In summary, in a plurality of signal-to-noise ratio environments, a machine learning method that combines an acoustic signal feature extraction technique with a neural network nonlinear fitting capability, and has a simple structure and fewer parameters is indispensable.

Disclosure of Invention

Technical problem to be solved

In order to avoid the defects of the prior art, the invention provides a generalized regression neural network acoustic signal identification method utilizing Mel frequency cepstrum coefficients.

Technical proposal

A generalized regression neural network acoustic signal identification method utilizing Mel frequency cepstrum coefficients is characterized by comprising the following steps:

Step 1: extracting MFCC characteristics from the acquired underwater acoustic signals;

Step 2: performing FFT on each frame of signal to obtain a frequency spectrum;

step 3: filtering the frequency spectrum through a group of triangular band-pass filters to obtain Mel filtering;

step 4: calculating the logarithmic energy output by each filter, calculating the discrete cosine transform of the logarithmic energy, and solving the MFCC of L-order;

Step 5: calculating cepstrum differential parameters by using the L MFCC cepstrum coefficients, and combining the three parameters of the MFCC, the first-order cepstrum differential parameters and the second-order cepstrum differential parameters to serve as feature vectors of signals;

step 6: 3/4 of all processed data are used for training and verifying data, and the other data are used for testing the GRNN model;

Step 7: the training and verifying data for the model are randomly divided into k folds, the optimal expansion factors are determined by a k-fold cross verification method, and the measurement indexes of the identification results of the verification set under different expansion factors are expressed as follows:

Where N is the number of samples, The number of correctly identified samples out of the N samples;

The verification set is 1-fold, and the training set is other k-1 folds;

step 7: for each expansion factor, firstly, a training set is used for training, then a test evidence set is tested, and the corresponding accuracy is calculated; taking each training sample as a primary verification set, repeating the process, and counting and calculating the average value of k accuracies, namely the average accuracy;

Repeating the steps for all the expansion factors, and taking the expansion factor corresponding to the minimum value of the average accuracy as the optimal expansion factor;

step 8: and taking the obtained optimal expansion factors as parameters of the GRNN model, using training data for training the GRNN model, inputting test data under a plurality of signal to noise ratios into the model, carrying out acoustic signal recognition on the test data, counting recognition results, analyzing the recognition performance of the GRNN model, and realizing the recognition of real-time data by the trained and tested GRNN model.

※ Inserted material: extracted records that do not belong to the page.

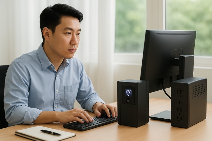 Máy tính, thiết bị văn phòng: Chọn UPS Line Interactive 650VA – 2000VA.
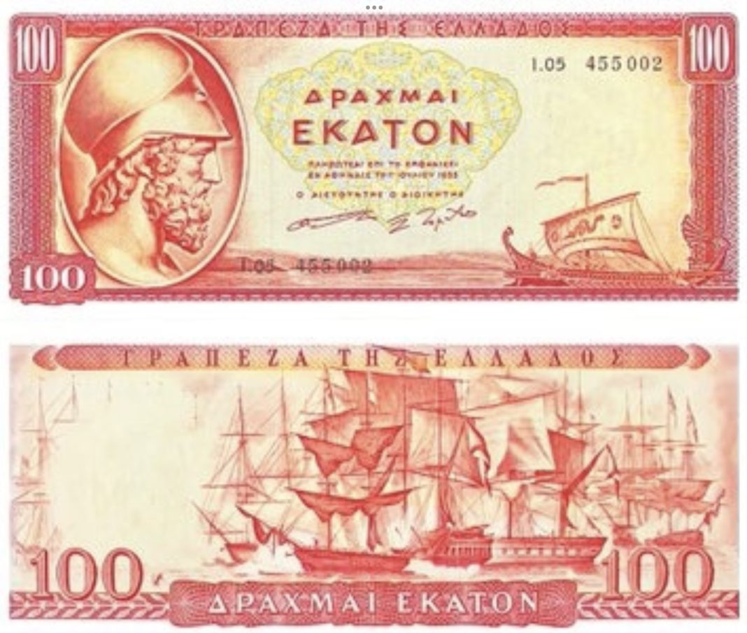 Το κατοστάρικο του 1954-55 είναι ένα ιδιαίτερο χαρτονόμισμα, αφιερωμένο σε δυο μεγάλες ναυμαχίες, της Σαλαμίνας και του Ναυαρίνου. Κατά μία άποψη οι δυό ναυμαχίες, που τις χωρίζουν 2.300 χρόνια, είναι οι πιο καθοριστικές ναυμαχίες στην ελληνική ιστορία: Η πρώτη (480π.Χ.) σήμανε την ήττα των Περσών και την αποτροπή της διείσδυσης του ανατολίτικου δεσποτισμού στον ευρωπαϊκό χώρο, ενώ ήταν η αφετηρία μιας πορείας που οδήγησε την Αθήνα στο Χρυσό Αιώνα. Η δεύτερη (1827) σήμανε τη γέννηση του νεότερου ελληνικού κράτους και επισφράγισε με δραματικό τρόπο την βούληση των λαών την Ευρώπης για την απελευθέρωση των επαναστατημένων Ελλήνων.
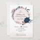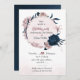 Elegant navy blue and pink flowers and some beautiful leaves birthday party invitation

And when the MFCC characteristics are extracted, pre-emphasis, framing and windowing pretreatment are carried out on the acquired acoustic signals.

The value range of the expansion factor is as follows: 0.01,0.02, …,0.1, step size 0.01.

Advantageous effects

The generalized regression neural network acoustic signal identification method utilizing the Mel frequency cepstrum coefficient combines the MFCC with the GRNN, fully plays the advantages of rich sound characteristics of the MFCC and nonlinear fitting of the GRNN, and effectively identifies seal types. Firstly, extracting the MFCC characteristics of an acoustic signal, carrying out FFT and Mel filtering, solving the L-order MFCC, calculating a cepstrum difference parameter, carrying out the test of a GRNN model, wherein the optimal expansion factor is determined by a k-fold cross validation method, dividing training data into k-folds, sequentially taking the k-folds as a validation set for the test, using the obtained optimal expansion factor for the training of the GRNN, and identifying the tested acoustic data.

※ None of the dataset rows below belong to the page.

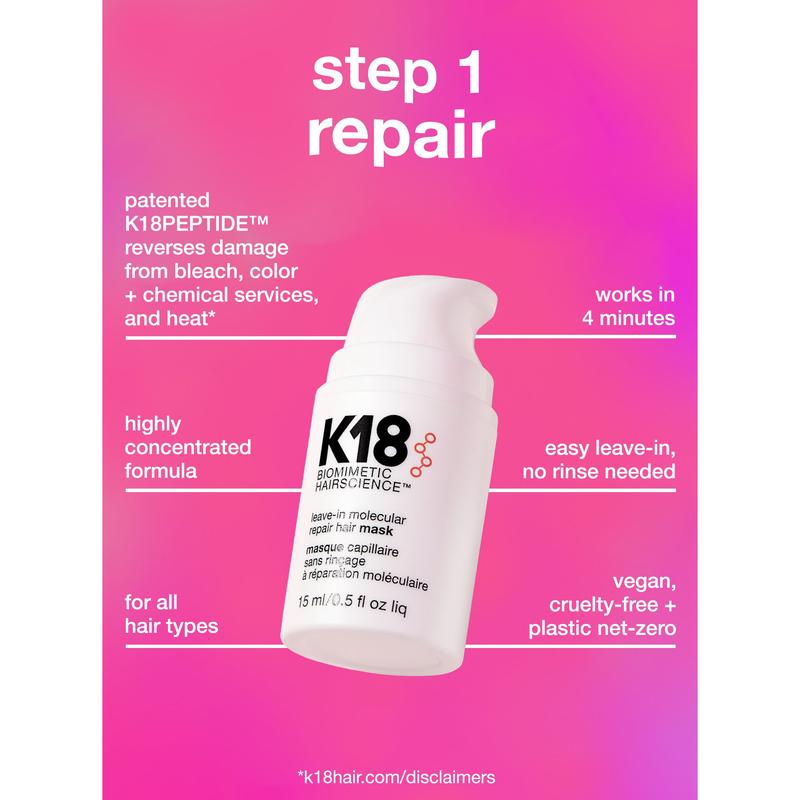 Water (Aqua) (Eau),Alcohol Denat.,Propylene Glycol,Cetearyl Alcohol,Dicaprylyl Ether,Cetyl Esters,Behentrimonium Chloride,Polysorbate 20,sh-Oligopeptide-78 (K18PEPTIDE™),Hydrolyzed Wheat Protein,Hydrolyzed Wheat Starch,Isopropyl Alcohol,Tocopherol,Phenoxyethanol,Potassium Sorbate,Citric Acid,Fragrance (Parfum),Geraniol,Linalool,Hexyl Cinnamal,Benzyl Alcohol.
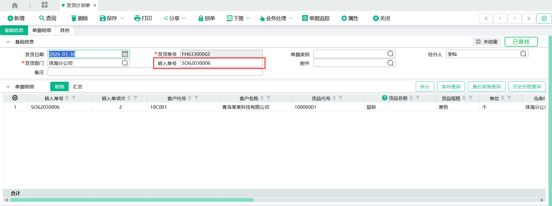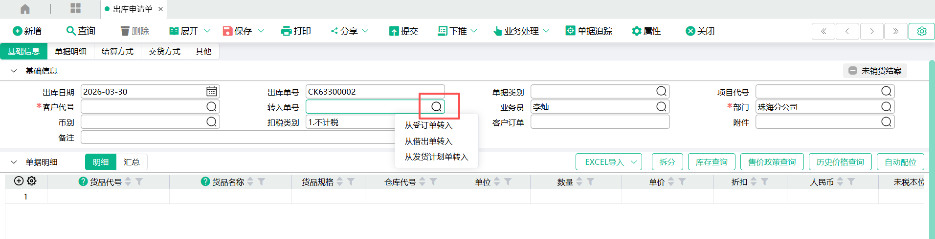 | 转入单号 | 提供转入单号查询视窗,可以从受订单、借出单、发货计划单转入。在此选择单号后,系统会自动带出单据的相关信息。 |
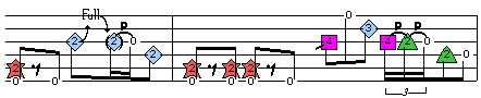 This system of symbols is useful for beginning students - it shows them how to fret the notes, and it also makes the score fun to look at! Click here for more details about Ad-Tab in MusEdit.
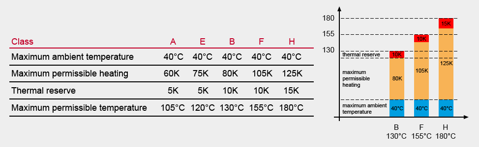 The temperature reached by the insulators limits the lifetime of an electric apparatus. The insulation class is defined by the insulator with the lowest temperature.
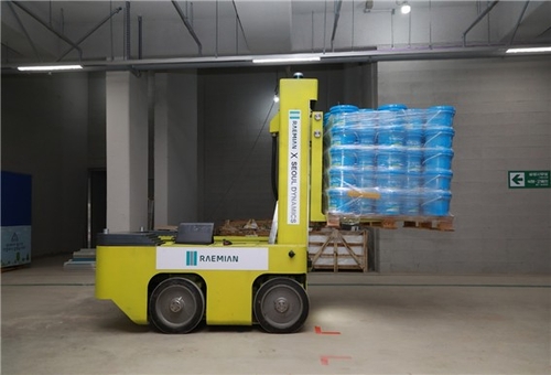 자율주행 지게차와 자재 이동 로봇은 작업이 없는 야간에 자재를 자동으로 운반해 주간 작업 공정 간섭을 최소화한다. 자율주행 지게차가 현장에 쌓인 팔레트를 인식해 아파트 동별 지하의 지정된 장소로 운반하면 자재 이동 로봇이 이를 싣고 엘리베이터를 호출해 탑승한 뒤 아파트 호실 내부까지 운반한다.
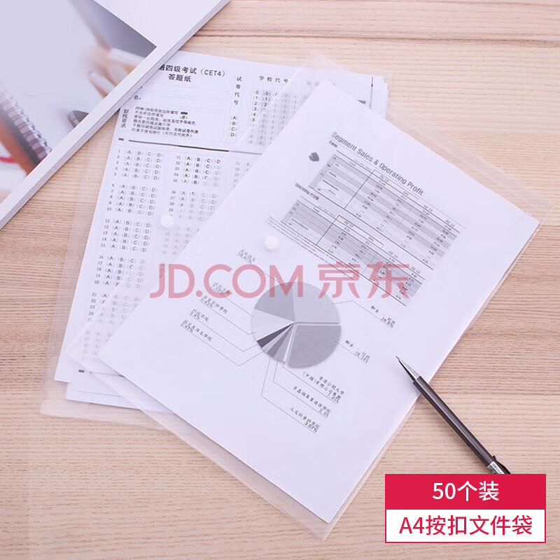 商品相册:得力(deli)50只A4透明文件袋 按扣资料袋文件保护票据收纳塑料档案袋学生试卷收纳袋 办公学习用品 27701第
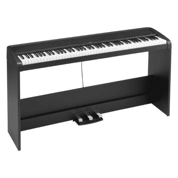 Start your piano journey with the Korg B2SP-BK digital piano, the complete package featuring 88-key Natural Weighted Hammer Action keyboard for authentic acoustic piano feel. Experience Korg’s new piano sound engine with 12 carefully selected sounds including legendary German and Italian concert grands, electric pianos, organs, and strings. This beginner-friendly piano includes furniture-style matching stand, three-pedal unit with half-damper support, powerful 30W stereo speakers, and 120-voice polyphony. Perfect for students and home practice with USB MIDI/Audio connectivity, generous software bundle (Skoove lessons, Korg Module Le, Gadget 2 Le), adjustable touch control, built-in metronome, reverb and chorus effects, and spacious music rest. Ideal for beginners seeking quality sound and realistic feel in an affordable, elegant package.

The study analyzes the identification performance of the method under different signal-to-noise ratios, gaussian white noise is added to an initial sound signal, the noise bandwidth is corresponding to different types of seal sound signals, the signal-to-noise ratios are respectively 10dB, 5dB and 0dB, waveforms of the initial signal of the seal and the signal under different signal-to-noise ratios are taken as examples, and as shown in fig. 6, the lower the signal-to-noise ratio is, the more burrs appear in the signal. The training samples are used for training and verifying the GRNN model by 10-fold cross verification, the GRNN optimization expansion factor process of the MFCC features of each scene is shown in fig. 7, and the GRNN optimization expansion factor process can be obtained analytically, and overall, as the expansion factor becomes larger, the recognition performance is reduced, and the optimal expansion factor is concentrated between 0 and 0.1.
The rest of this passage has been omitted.